Sir William Arbuthnot Lane, one of the world’s most eminent surgeons and dietitians, says: “There is but one cause of disease, and that cause is poison. We may take in poison through the air, but we manufacture most of it within ourselves from the food that we eat.”—DEARBORN INDEPENDENT, June 20, 1925. Forever Bee Pollen also comprises nutritional vitamins D, E, Okay, and Beta Carotene (vitamin A), plus numerous minerals, enzymes and coenzymes, plant-source fatty acids, carbohydrates, proteins, and 22 amino acids – together with all eight “essential” amino acids that the body can not manufacture for itself.

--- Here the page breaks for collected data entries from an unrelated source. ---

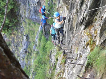Rockfall hazard: There is a risk of rockfalls on via ferratas, often triggered by preceding climbers or wildlife. Therefore, protect yourself with a helmet.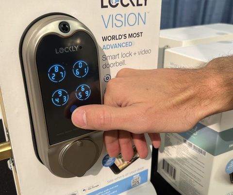 La cerradura inteligente Lockly Vision incluye una cámara de video incorporada y un escáner biométrico de huellas dactilares. Puede ver quién está en su puerta con un vistazo de la aplicación y desbloquear su puerta con un código de acceso, huella digital, aplicación, control por voz o con sus llaves originales. Durante mi demostración, no pude distinguir el código ingresado en la pantalla del teclado desde un metro de distancia gracias al software PIN Genie de Lockly. Construido para evitar picos, la pantalla del teclado cambia alrededor de la posición de los números de contraseña para que sus toques no se puedan imitar.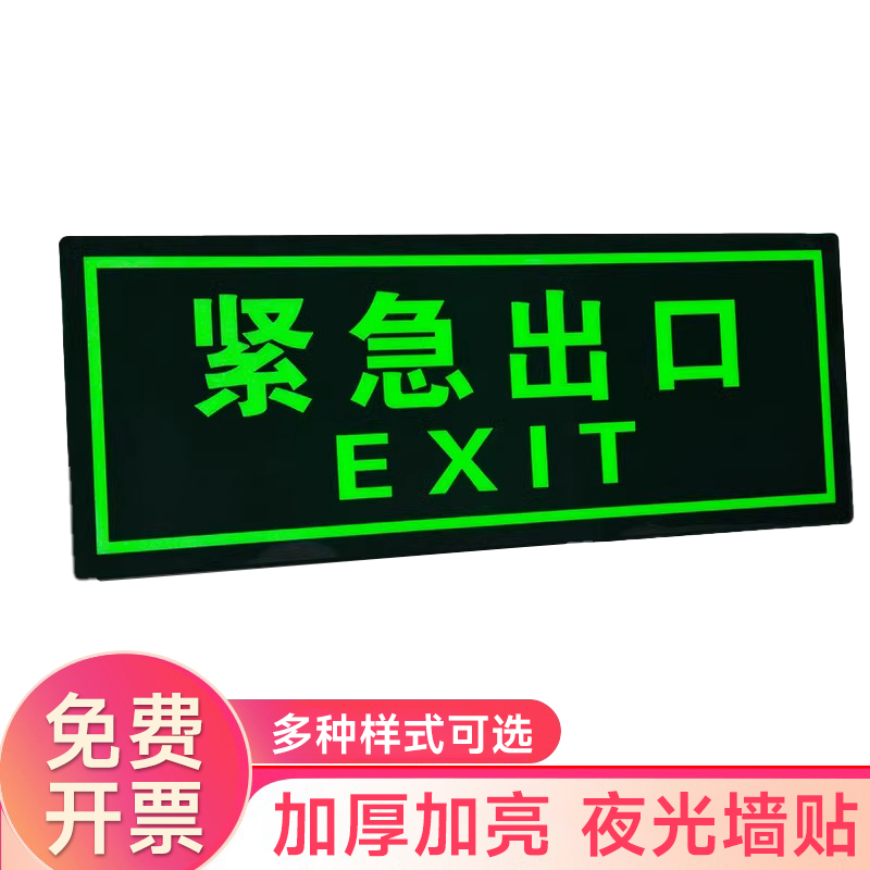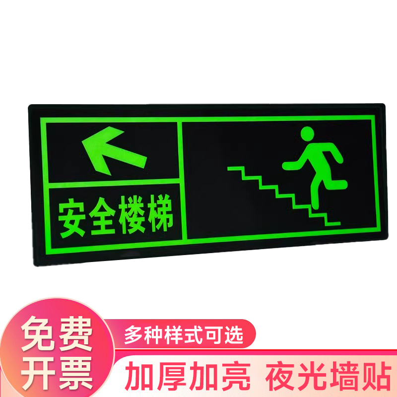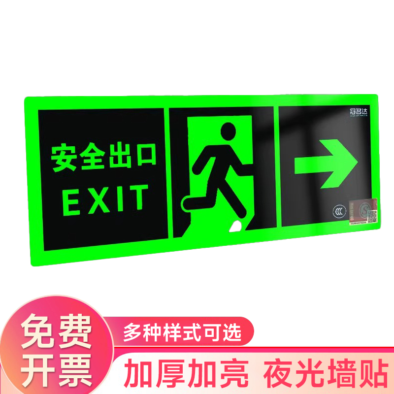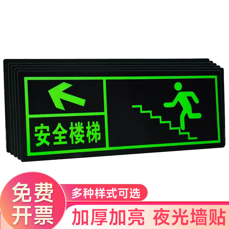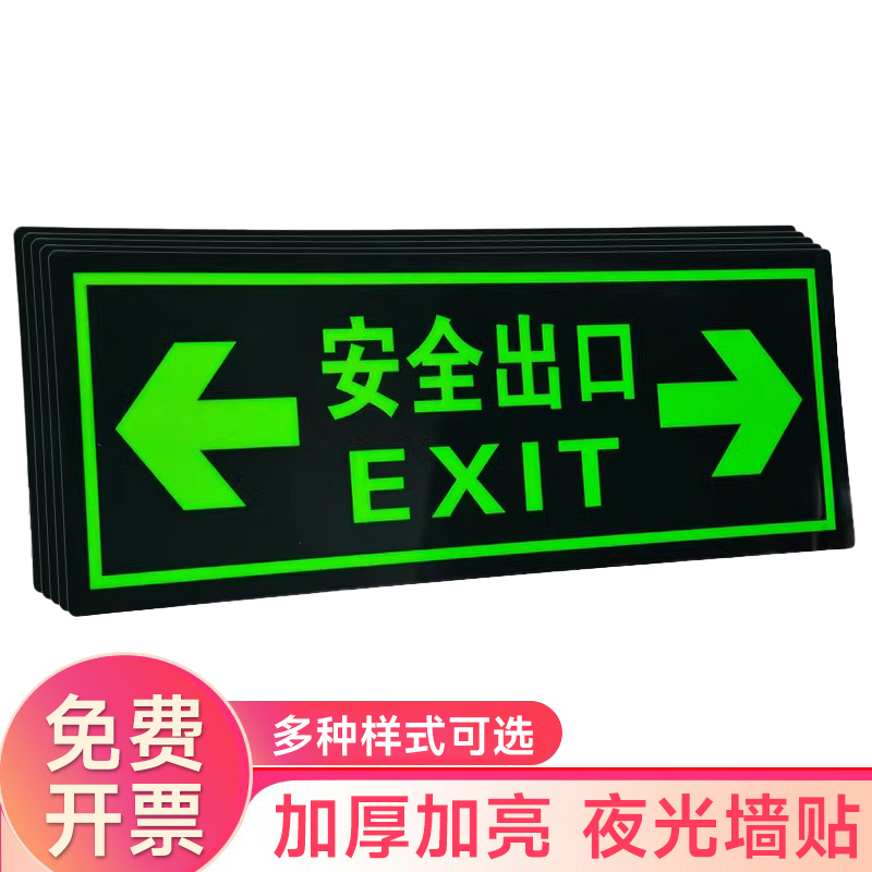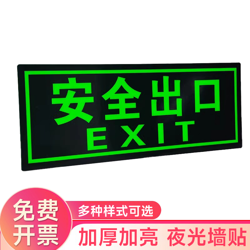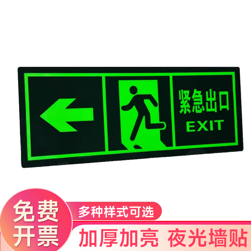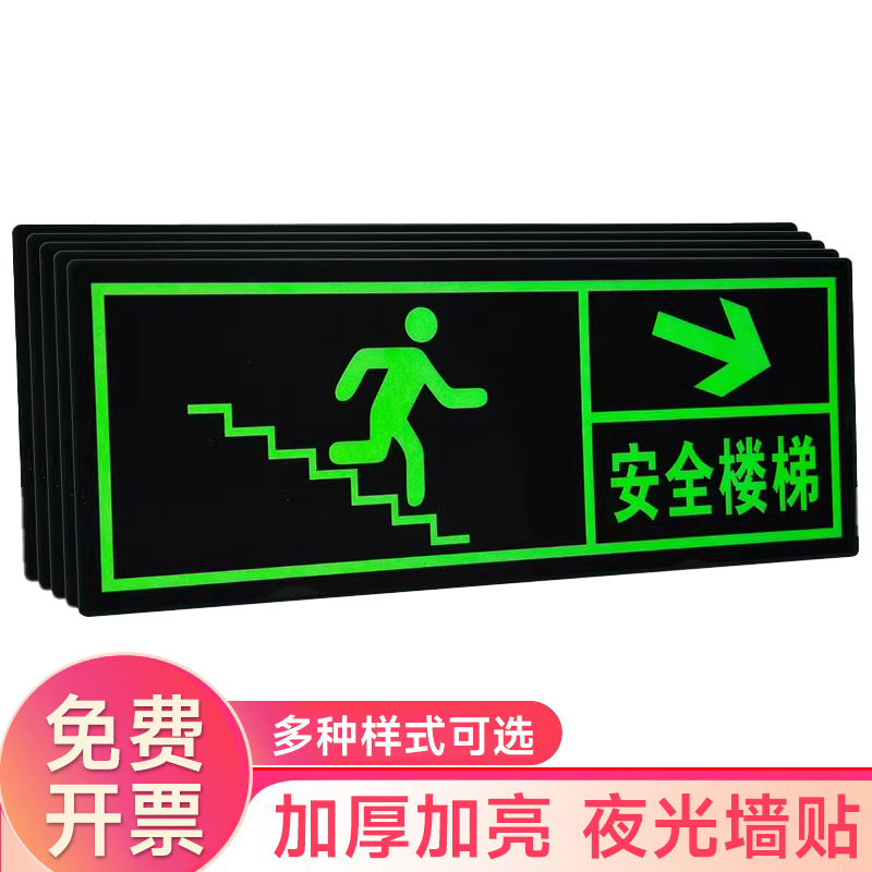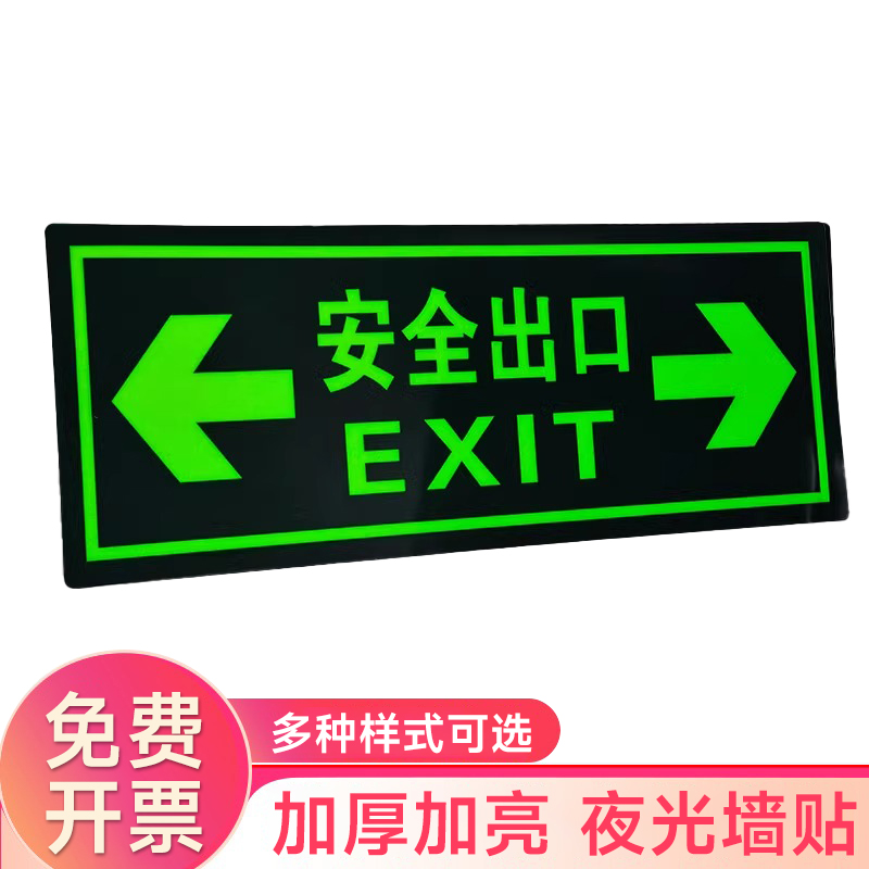 夜光安全出口指示牌安全通道地贴墙贴标志紧急贴提示警示标消特特

John Harvey Kellogg, M.D., LL.D., F.A.C.S., former medical superintendent of the Battle Creek Sanitarium, Battle Creek, Michigan, says: “Within twenty years a new science of dietetics has been developed as the result of the patient labors of many men, numerous mysteries have been cleared up, and a flood of light has been thrown upon one of the most important questions related to human existence.” “With our present knowledge we must look to food, and not to medicine and mineral waters, for health.”

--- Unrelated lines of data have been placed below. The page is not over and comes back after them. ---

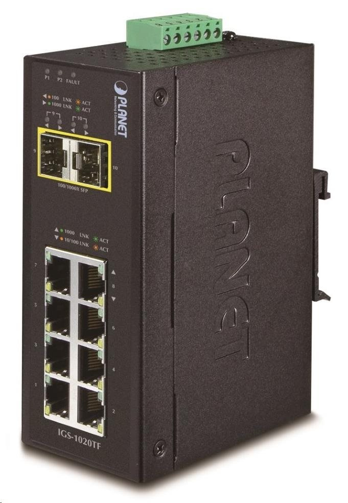 Akční nabídky na váš e-mailPrůmyslový přepínač a konvertor 8x 10/100/1000Base-T, 2x SFP 100/1000Base-X. Energeticky efektivní dle 802.3az.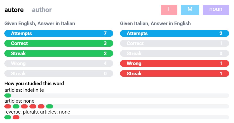 At this point, I felt I built a better list, and a better flashcard tool. The final thing I wanted out of a tool was to be able to quickly visualize my progress and see my gaps from a bird’s eye perspective. To solve this, each time a study session was completed, I would track various stats. This information included which modifiers I used to study those words, if I was prompted in Italian and answered in English or the other way around, and my answer history over time. Using all this data, I was able to create various visualizations which can highlight the good, the bad, and the ugly. This is what pen and paper could never achieve and what general-purpose flashcard apps didn’t offer me as well.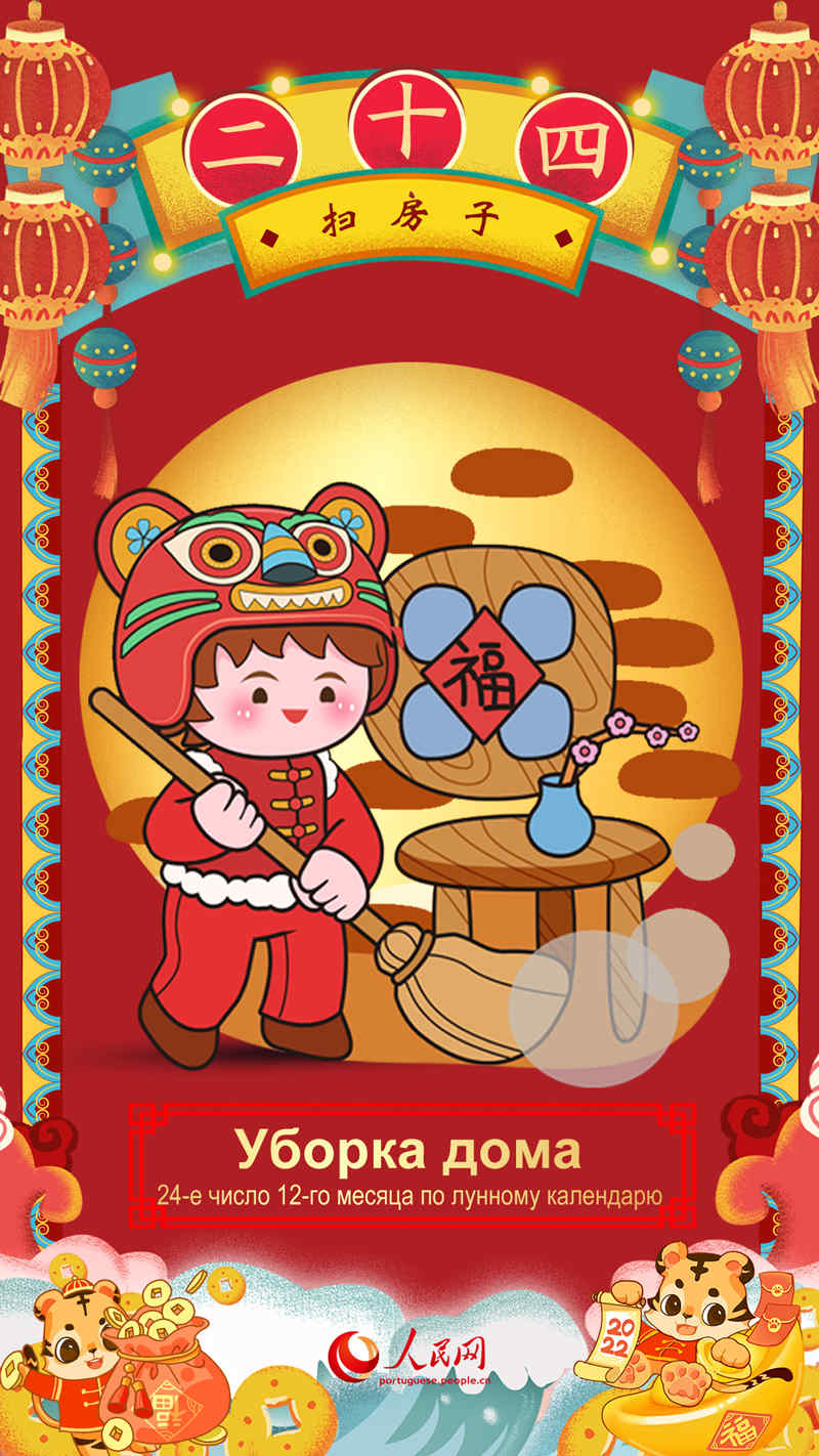 24-го числа 12-го месяца по лунному календарю люди посвящают себя уборке дома, это день очищения помещения в преддверии праздника Весны. Для того, чтобы хорошо встретить Новый год, необходимо избавиться от всего того, что накопилось за год, встретить новое начало.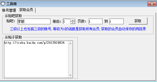 1、在获取会员是,从贴吧获取,等级选择三级以上包括三级的帐号,等级为1的话就是获取所有会员,获取的会员自动保存的同目录。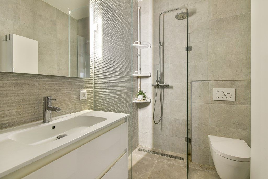 Both bedrooms in this apartment are well-sized. The luxurious bathroom is fully tiled to the ceiling and features a walk-in shower, modern washbasin with mirror and indirect lighting and a second toilet. The guest toilet with small sink is finished in the same high-end style.

Georgia State College of Agriculture, Bulletin 286. We find this same view supported by the 1939 Government Year Book of Agriculture which reads, quoting from Milton J. Rosenau, professor of public health at the University of North Carolina: “It is only necessary to point out the importance of diet in the prophylaxis and treatment of beri beri, scurvy, pellagra, rickets, tuberculosis, diabetes, acidosis, nephritis, gout, rheumatic affections, disorders of metabolism, dyspepsia, gastric ulcer, infantile diarrheas, and many other affections. Strained honey is honey which has been handed via a mesh materials to remove particulate materials (pieces of wax, Forever Bee Propolis, different defects) with out removing pollen, minerals or valuable enzymes. Some of the best medicine is bought in the market rather than in the drugstore.” And further this quotation goes on to say: “We are only beginning to realize the possibilities not only of preventing certain diseases but of promoting positive health, efficiency, and long life through good nutrition. The science of nutrition is still young, yet already it has created a new outlook, rich with promise.”

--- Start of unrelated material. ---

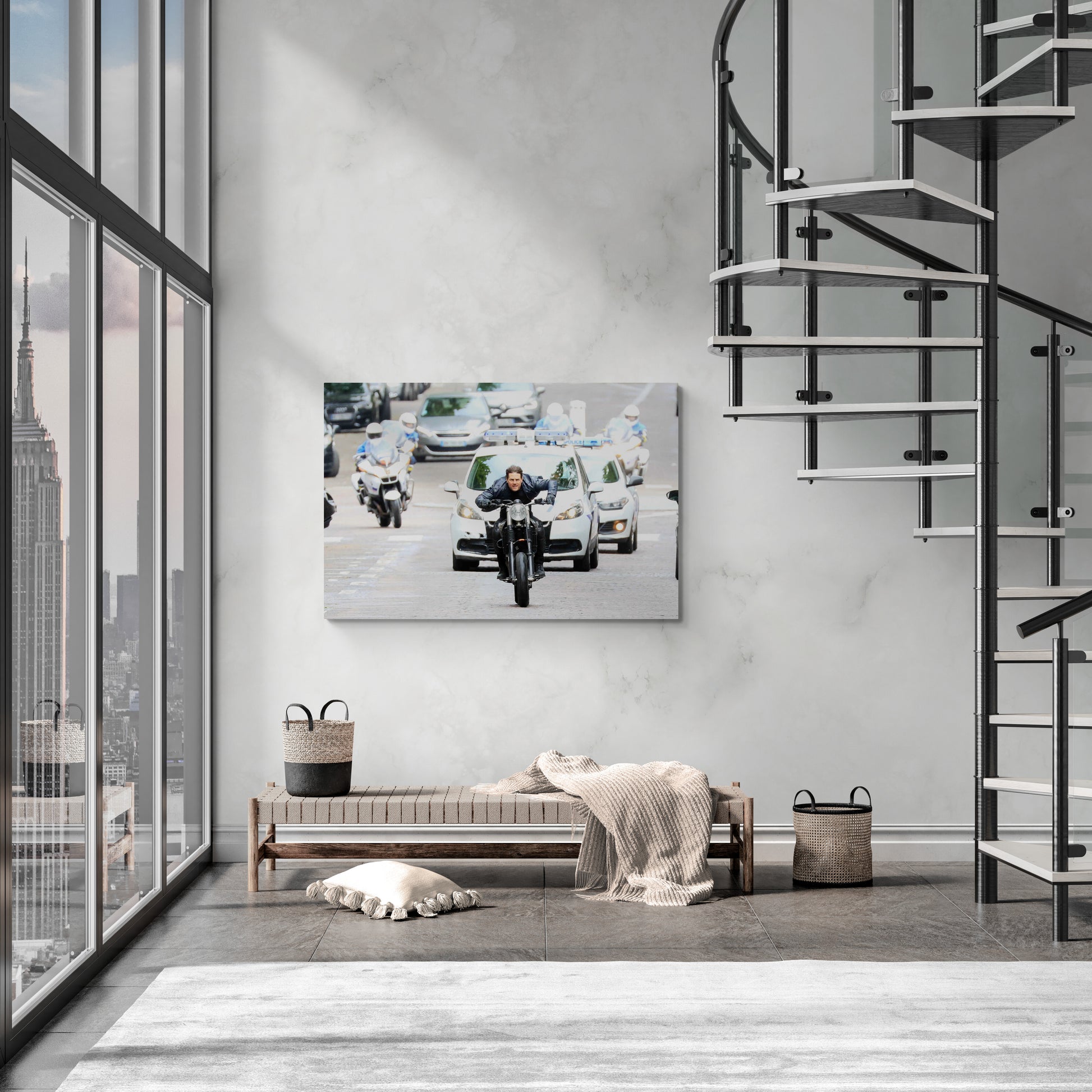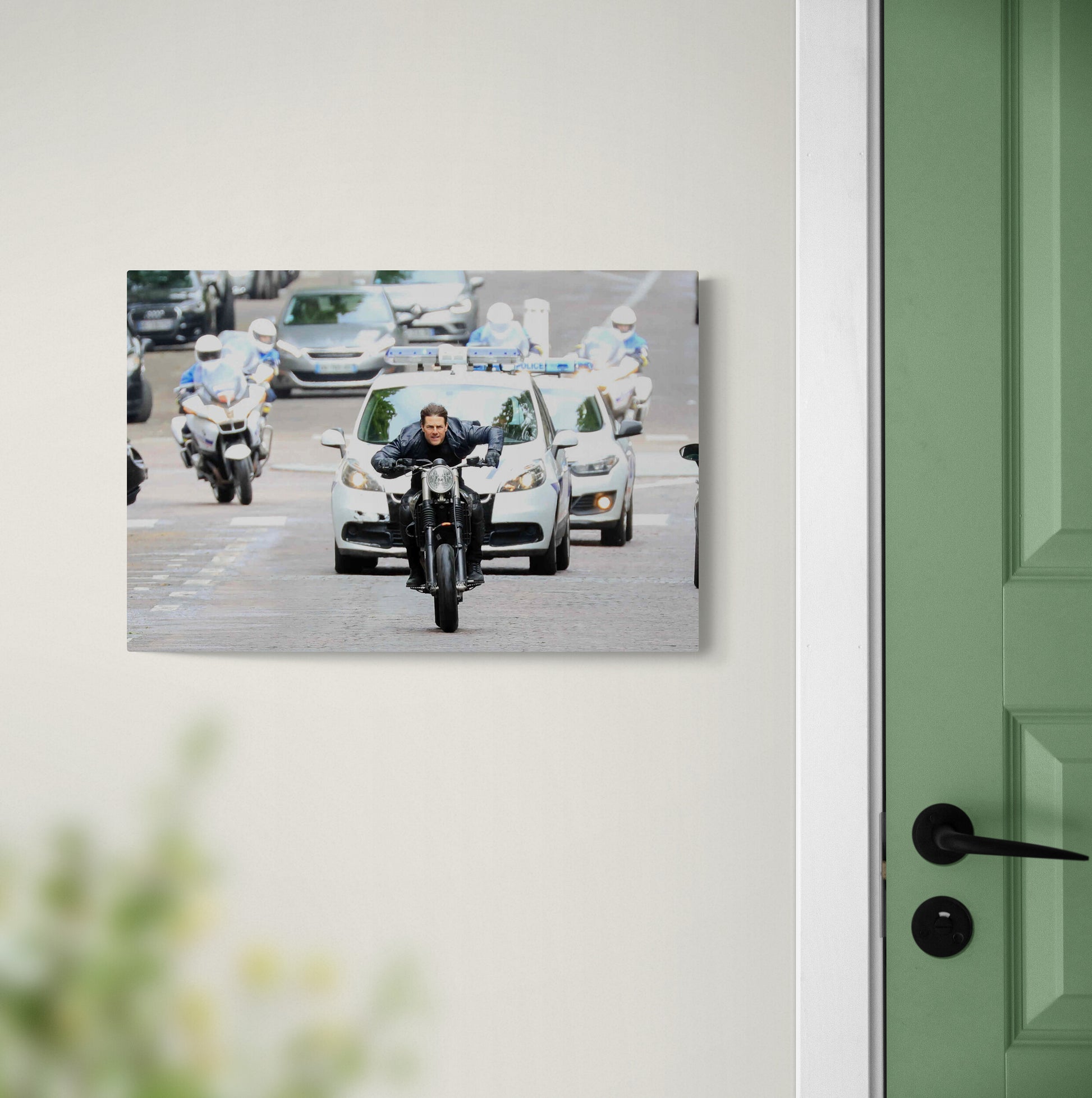 Tom Cruise incarne l'audace et l'adrénaline dans cette scène de course-poursuite à moto tournée dans les rues de Paris pour le film "Mission Impossible 6" en 2017. Cette photo apportera dynamisme, énergie et une touche holywoodienne à votre décor.

From the foregoing quotations, and we might cite many others, and will in succeeding chapters, it is not difficult to see that most diseases are traceable to faulty diet; and therefore, to correct these ills, we must correct our dietetic habits. The blood is the great tissue builder. If the blood is bad the tissues are certain to be weak and diseased. The food we eat is converted into blood, and therefore our medicine, or possibly we should say our health, is contained in the foods we eat. If we use demineralized and devitalized foods, we are sure to have devitalized tissues. The human system cannot make good blood from demineralized foods. Our bodies are composed of what we eat; and upon this fact, which is so simple, we should settle the question of health and disease.